I wrote up a design for a GUI system (and revised it several times, hence the v5 in the title) - would love to hear feedback on it!
https://docs.google.com/document/d/16qY4NGVOHu8mvInVD-ddTajZYSsFvFBvQON_hmyHGfo/edit?usp=sharing
Looking solid :+1:
Another naming option for Elem.translate could be Elem.transfer, although I think translate is pretty good.
I was a bit unsure about having the update "in-place", since I thought it would be pretty easy to mess it up, e. g. by using the state. But after sleeping on it I think that's actually not a big issue, it should be doable to teach people that. If it does happen though, the debugging will be rough.
But the convenience this change enables is pretty appealing. So it's an interesting tradeoff.
We can have a rule for that in our own counterpart of elm-analyse that is enabled by default in the editor.
@Richard Feldman I haven't read the whole document yet, but I like it very much so far, including the &field record setter syntax :+1:
Two remarks:
Action.update is Action.update : state -> Action state (which is what I had expected), but you use it in the examples in a different way: increase = button {
label: text "+",
onPress: \prev, _ -> Action.update (prev + 1),
}
Elem.translate have an additional parameter of type parent? Otherwise I wouldn't know how to create an Elem parent from the given parameters?Forget my first remark, your examples are consistent with the type signature...

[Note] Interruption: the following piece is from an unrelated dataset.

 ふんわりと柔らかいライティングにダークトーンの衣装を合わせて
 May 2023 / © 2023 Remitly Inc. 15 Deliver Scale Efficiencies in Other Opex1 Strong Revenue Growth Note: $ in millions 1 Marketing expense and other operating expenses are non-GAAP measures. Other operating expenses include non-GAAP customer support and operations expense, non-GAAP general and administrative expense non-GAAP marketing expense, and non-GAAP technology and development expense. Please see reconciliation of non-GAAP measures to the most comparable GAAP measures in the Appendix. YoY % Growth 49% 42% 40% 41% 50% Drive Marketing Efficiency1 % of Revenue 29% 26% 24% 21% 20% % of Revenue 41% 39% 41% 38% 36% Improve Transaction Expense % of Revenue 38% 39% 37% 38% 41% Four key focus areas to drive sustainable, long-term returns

I think what I really expected was that Action.update would take a state modifying function as parameter, not the state itself. I have to read the rest of the document first before making more comments, though.
This approach to GUIs looks interesting! I've done a similar approach in Elm. Something along the lines of Html Model instead of Html Msg and providing getters and setters to control what is in scope for a particular piece of UI. I think this approach works well for things like forms that map well to a bunch of fields in a record. I haven't tried this approach with an entire app though.
That said, I'm worried about the part that mentions how tasks can be performed inside event handlers. This seems like it will lead to lots of non-local behavior. For example, you notice that the app is producing an http request that it shouldn't be doing and in order to figure out where it is coming from you have to look in every event handler since any part of the render function could be triggering it.
the editor could fix this but I think this is still a good point: by splitting the update part of the app into many tiny updates you loose the ability to quickly get the general picture of what an application does
on the other hand, that makes scaling an app easier
One issue I've always had with elm was that everything needed to bubble up to a single update. Pretty much along the lines of what Folkert said. Getting a big picture is nice but sometimes I just want to think locally instead especially within a much largely app
yeah I think this is an unavoidable tradeoff unfortunately
I am still learning and wrapping my head around everything. The comment bellow comes from ignorance and curiosity. I hope it won't offend.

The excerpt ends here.